Former West End actress and singer Daniele Coombe owns the Exeter franchise for Monkey Music, which offers music classes for pre-school children and their parents. She explains why she decided to become a franchisee
"I was born and grew up in south Devon, but moved to London to study drama when I was 16. After graduating, I performed in such West End shows as Sunset Boulevard, Oliver, My Fair Lady, Sound of Music, Beauty and the Beast, Acorn Antiques: The Musical and Priscilla Queen of the Desert.
"I'd lived in London for more than 20 years and my son was approaching secondary school age. After many hectic years living in London, I also wanted to spend more time with my family, so the time seemed right to move back to my Devon roots.
"I'd known of Monkey Music since taking my son to classes when he was a baby, which he loved. Then I became a teacher for the Chelsea Monkey Music franchise - so I knew the business well, as customer and as a teacher.
"Monkey Music turned 25 years old in 2018, and more than 50 Music Monkey franchisees hold classes in more than 300 venues across the country. Around 11,500 families attend classes each week.
"I decided to become a franchisee because I wanted to be my own boss, while using a tried and tested business model. I also needed support and guidance with certain aspects of running a business.
"When I bought my franchise, my partner Mark and I devised a five-year plan, which, with the approval of the franchise owner, involved running our Exeter Monkey Music franchise while still living in London, using Devon-based teachers for the first few years. That would give us the chance to establish the business and find a new home and schools for the kids in Devon.
"For obvious reasons, the franchisor has a strict policy when recruiting franchisees. Being known to them made things quicker, but I still had to provide the franchisor with a formal note of interest and undergo a lengthy interview process to assess my ability to run the business.
"We carried out thorough research of our territory and produced our business plan. I also had to undergo necessary checks and complete compulsory training on such things as health and safety, child protection and first aid. An initial week of business training at Monkey Music head office gave me the tools and new skills I needed.
Franchise support and training
"I was lucky enough to have a well-paid job and could therefore cover most of the costs, although I also took out a bank loan. I had to pay an initial franchise fee of about £10k and set-up fee of £2k, but I was fully aware of the business potential.
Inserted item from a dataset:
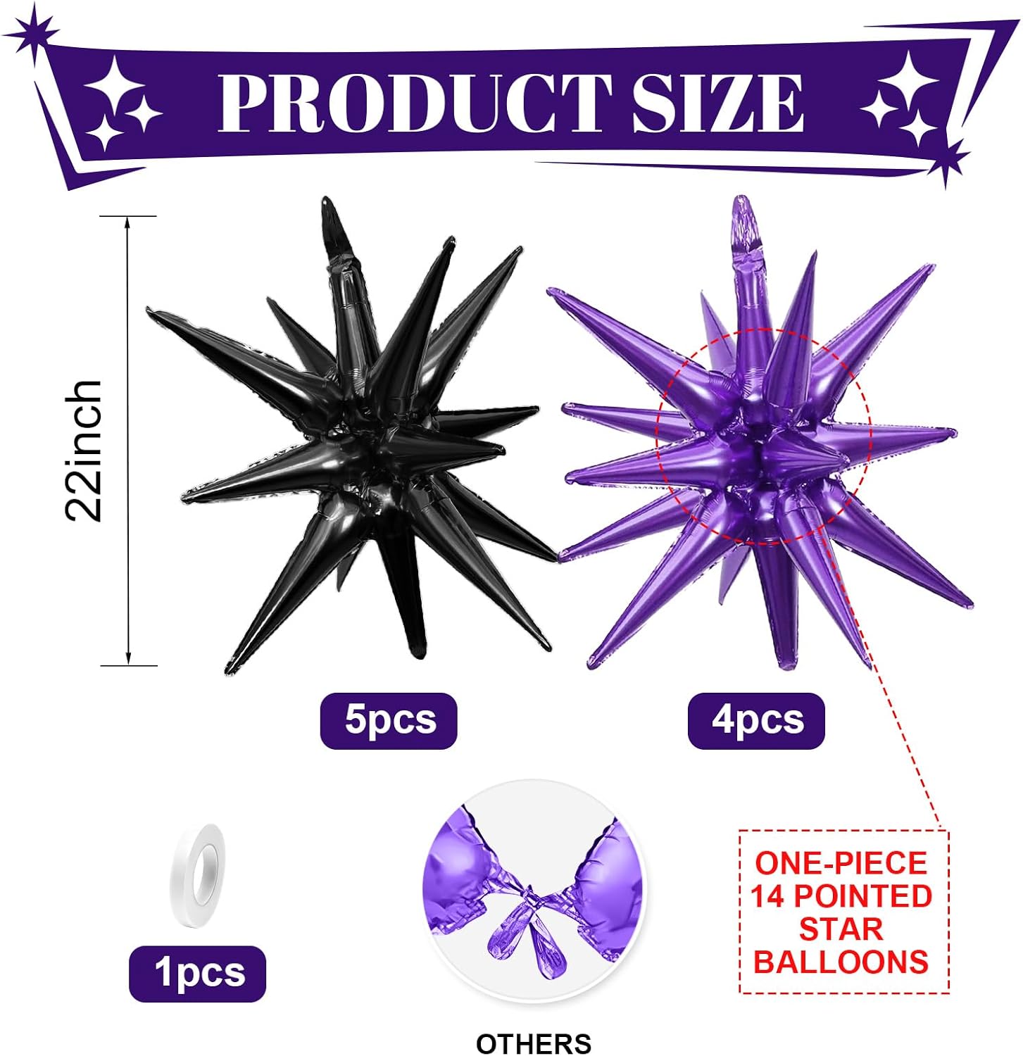 Black Purple Star Balloons,9Pcs 22Inch Black Purple Explosion Spike Cone Helium Polyester Film Star Foil Balloons for Birthday Halloween Anniversary Baby Shower Party Decorations

"I hired a solicitor to look at the franchise agreement before signing it, and spoke to other franchisees, but as I say, I already knew the business very well.
"The franchisor helped me to set up my website and provides ongoing marketing support. There are also lots of ongoing training opportunities to meet with other franchisees, for example at the annual conference, franchisee forums, and special teacher training days for franchisees and teachers.
"A franchisee manager provides day-to-day support when necessary, and every year we have an in-depth annual review of our business plan with the franchise director. The franchise fee is 10% of turnover, and there is a 1.5% plus VAT advertising contribution.
"We eventually moved back to Devon in 2011 four years after buying the franchise, when our daughter was just three months old. Since then, the business has gone from strength to strength and I have started extra classes in several new areas in and around Exeter.
I loved every minute of performing in the West End, and hopefully I'll do it again one day, but for now I'm concentrating on my family and developing my business."
Daniele's three top tips
- "Be patient. It takes a long time to establish a new business, even when it's part of a well-known franchise."
- "Buying a franchise means you get extra support and training, but you still need to prove you have the skills to run a business."
- "Make sure you're financially comfortable when you get started, or continue working for someone else. It may take longer than expected to become profitable."